1985 Big Ten Conference baseball tournament
- Teams: 4
- Format: Double-elimination
- Finals site: Ray Fisher Stadium; Ann Arbor, MI;
- Champions: Minnesota (2nd title)
- Winning coach: John Anderson (2nd title)
- MVP: John Beckman (Minnesota)

= 1985 Big Ten baseball tournament =

The 1985 Big Ten Conference baseball tournament was held at Ray Fisher Stadium on the campus of the University of Michigan in Ann Arbor, Michigan, from May 17 through 19. The top two teams from the regular season in each division participated in the double-elimination tournament, the fifth annual tournament sponsored by the Big Ten Conference to determine the league champion. won their second tournament championship and earned the Big Ten Conference's automatic bid to the 1985 NCAA Division I baseball tournament

== Format and seeding ==
The 1985 tournament was a 4-team double-elimination tournament, with seeds determined by conference regular season winning percentage within each division. The top seed from each division played the second seed from the opposite division in the first round. Ohio State and Minnesota claimed the second seeds from their respective divisions by tiebreakers.

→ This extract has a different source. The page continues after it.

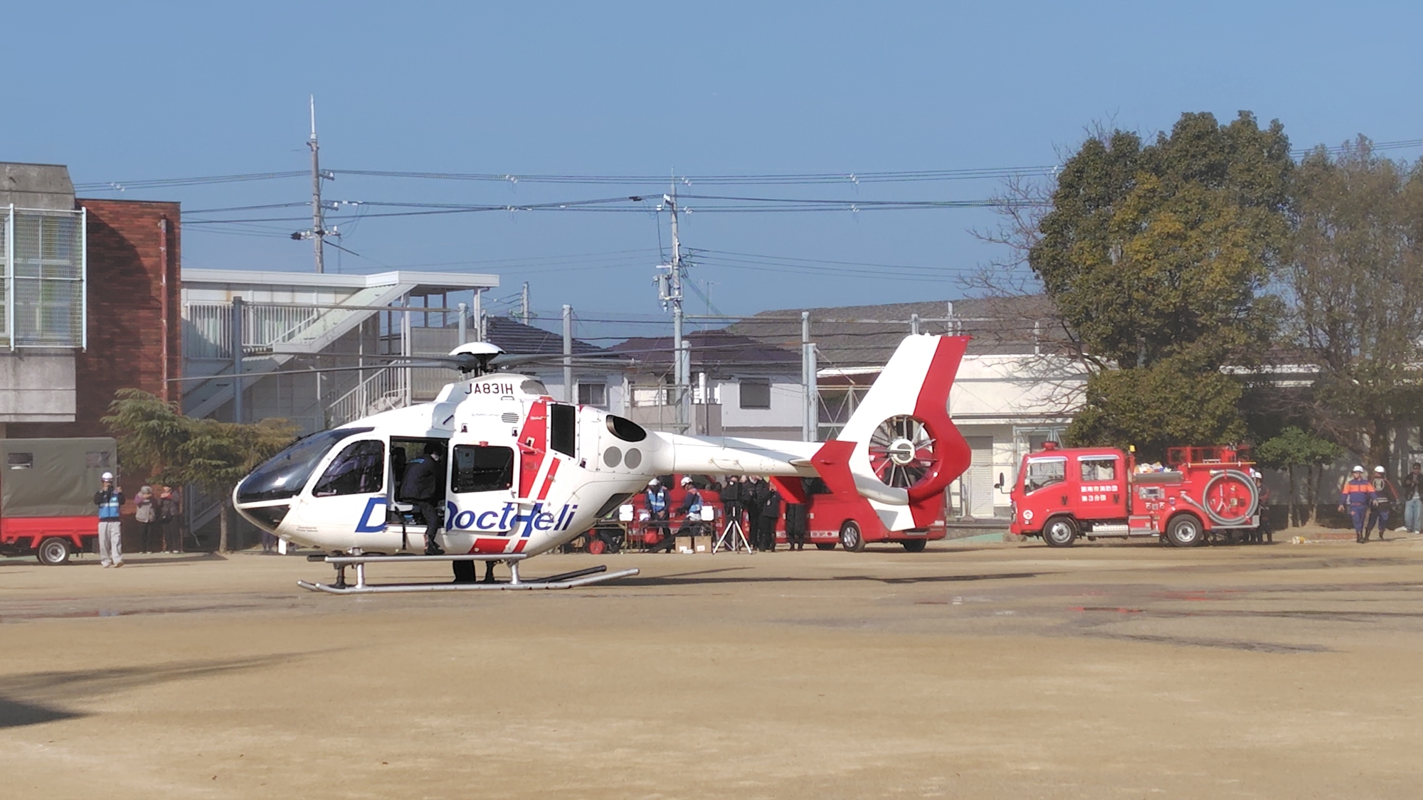 ドクターヘリが校庭に着陸する様子などを見学しました。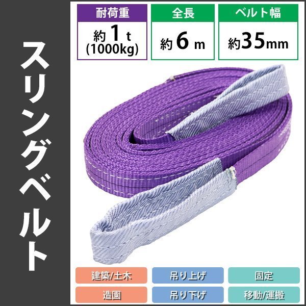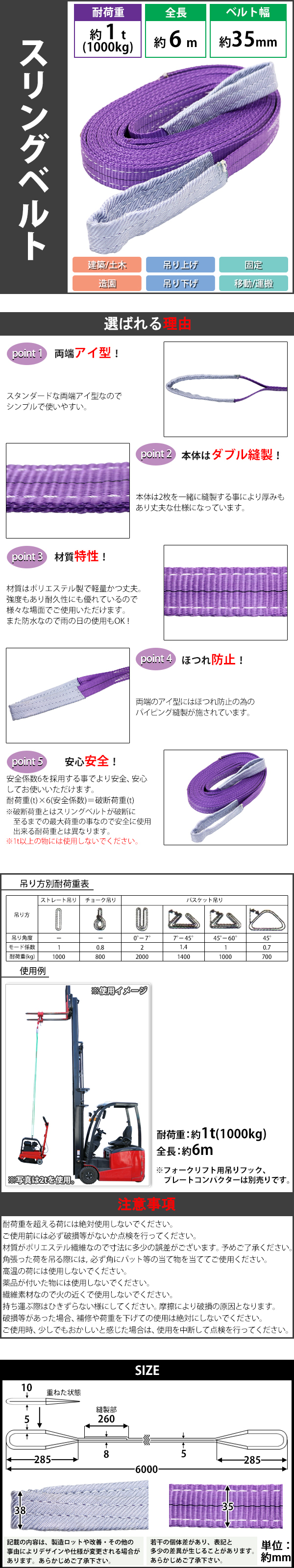 | 商品名 | 送料無料 スリングベルト ベルトスリング 耐荷重約1t 約1000kg 全長約6m ベルト幅約35mm 荷揚げ 吊り上げ 吊り下げ 玉掛け ナイロンスリング ナイロンスリングベルト 吊りベルト 繊維ベルト 建築 土木 造園 固定 運搬 引っ張り 牽引 紫 パープル slbelt1t6m |

| Team | W | L | PCT | GB | Seed |
East Division
| Michigan | 14 | 2 | .875 | – | 1E |
| Ohio State | 8 | 8 | .500 | 6 | 2E |
| Purdue | 8 | 8 | .500 | 6 | – |
| Indiana | 8 | 8 | .500 | 6 | – |
| Michigan State | 2 | 14 | .125 | 12 | – |
West Division
| Illinois | 12 | 4 | .750 | – | 1W |
| Minnesota | 9 | 7 | .563 | 3 | 2W |
| Iowa | 9 | 7 | .563 | 3 | – |
| Northwestern | 7 | 9 | .438 | 5 | – |
| Wisconsin | 3 | 13 | .188 | 9 | – |

== All-Tournament Team ==
The following players were named to the All-Tournament Team.

| Pos | Name | School |
|---|---|---|
| P | Mike Clarkin | Minnesota |
| P | Bill Cunningham | Ohio State |
| C | Greg Ivarone | Illinois |
| 1B | Alex Bauer | Minnesota |
| 2B | C. J. Beshke | Michigan |
| SS | Barry Larkin | Michigan |
| 3B | Mike Pherson | Minnesota |
| OF | John Beckman | Minnesota |
| OF | Jim Orsag | Illinois |
| OF | Pat Pohl | Minnesota |
| DH | Ken Hayward | Michigan |

=== Most Outstanding Player ===
Jon Beckman was named Most Outstanding Player. Beckman was an outfielder for Minnesota.